California and the Midwest face a “high risk” of electricity shortages in the next five years

Wind turbines and transmission lines at a wind farm near Interstate 12 in Rio Vista, California, on Tuesday, March 30, 2021.

David Paul Morris | bloomberg | Getty Images

America’s electrical grid is being pushed to breaking point, and California, parts of the Midwest and parts of the south-central United States are at “high risk” of power shortages, says the non-profit organization charged with managing and evaluating the GRID.

“High risk” areas, marked in red on the map, may experience a decrease under “normal peak conditions,” according to the North American Electricity Reliability Corporation’s 54th annual assessment released Thursday.

The reasons for deficiency vary.

In the Midwestern states and Ontario, more power generation is being pulled than is being added online, NERC’s Mark Olson told reporters Thursday. The projected power shortages in that region have been anticipated since 2018, Olson said.

Olson said the risk in California is due to a “changing mix of resources” and “changing demand.” This means that there is a lot of renewable energy in the state, and its generation is not coordinated with the times when people need the most energy. NERC expects demand to fall below supply by 10 hours during the peak summer months in 2024.

Much of the rest of the Midwest and the rest of the western part of the United States is at “high risk” (marked in yellow on the map), which means that deficiency could occur in extreme conditions, such as during severe weather or periods of hot weather where everyone is running their air conditioners. In New England, the higher stakes come in the winter when people use natural gas-based generators.

“Natural gas capacity may be insufficient for generators, resulting in the use of reserve fuel, stored liquid fuel, and there are risks to the ability to maintain adequate fuel storage during long-term events,” Olson said.

The Southwest can also suffer when demand is high and wind power generation is low in the region.

Unusual times

“We’re living through extraordinary times from an electrical industry perspective,” John Mora, NERC’s director of reliability ratings, said Thursday.

Increasing awareness of climate change is driving utilities to phase out fossil fuel-based energy sources that generate carbon emissions. Renewable energy sources such as wind and solar do not contribute to climate change, but they do have a period when they do not generate any energy (when the sky is dark or the wind is still).

Renewables are not necessarily tied to where the demand is, unlike fossil fuels, which can be transported and burned close to where they are consumed. That means more transmission lines are needed, and could take seven to 15 years to build, Mora says.

Another area of ​​note, according to NERC, is the increased energy demand for cryptocurrency mining and the need to plan for energy use there.

Then there is the weather. It’s hard to link specific extreme weather events to climate change, but it’s generally true that a warmer world is a wetter world, according to NASA climate scientists.

“Year after year, we’ve seen severe weather lead to increasing impacts on reliability. And so when we look at events over the past several years, it’s clear that the bulk power system is affected by severe weather more than ever before,” Mora told reporters on the media call.

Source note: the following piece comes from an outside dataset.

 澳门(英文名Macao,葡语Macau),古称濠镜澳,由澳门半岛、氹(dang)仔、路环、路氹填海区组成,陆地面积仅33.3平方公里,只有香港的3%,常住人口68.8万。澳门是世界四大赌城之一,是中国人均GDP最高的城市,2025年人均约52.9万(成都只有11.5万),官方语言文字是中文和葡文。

These factors are putting increasing stress on the network, and NERC representatives are urging network operators to be conservative in their planning.

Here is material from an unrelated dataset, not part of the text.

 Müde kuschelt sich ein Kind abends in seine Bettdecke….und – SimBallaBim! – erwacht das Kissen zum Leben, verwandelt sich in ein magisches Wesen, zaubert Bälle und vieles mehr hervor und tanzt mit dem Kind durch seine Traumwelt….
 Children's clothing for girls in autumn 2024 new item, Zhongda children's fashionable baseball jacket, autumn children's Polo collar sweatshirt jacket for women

“Managing the pace of our generation’s retirement and changing our resource mix to ensure we have enough energy and basic services is an absolute necessity,” Mora told reporters during the call. “We need to work with the entire ecosystem to make sure that we manage that base, and to be very clear that we don’t retire generation prematurely – it’s done in an orderly way and especially in areas that are right on the edge.”

For its annual assessment of long-term electricity security, NERC looks at the next decade, but the Energy and Capacity Risk Assessment comes out over the next five years, from 2023 to 2027. There are a lot of moving parts and uncertainties for the risk assessment after the next five years will be worthwhile, according to NERC.

The Federal Energy Regulatory Commission adopted NERC to measure and enforce safety standards for the US power grid in 2006. NERC is overseen by FERC, the federal government agency responsible for regulating interstate electricity transmission.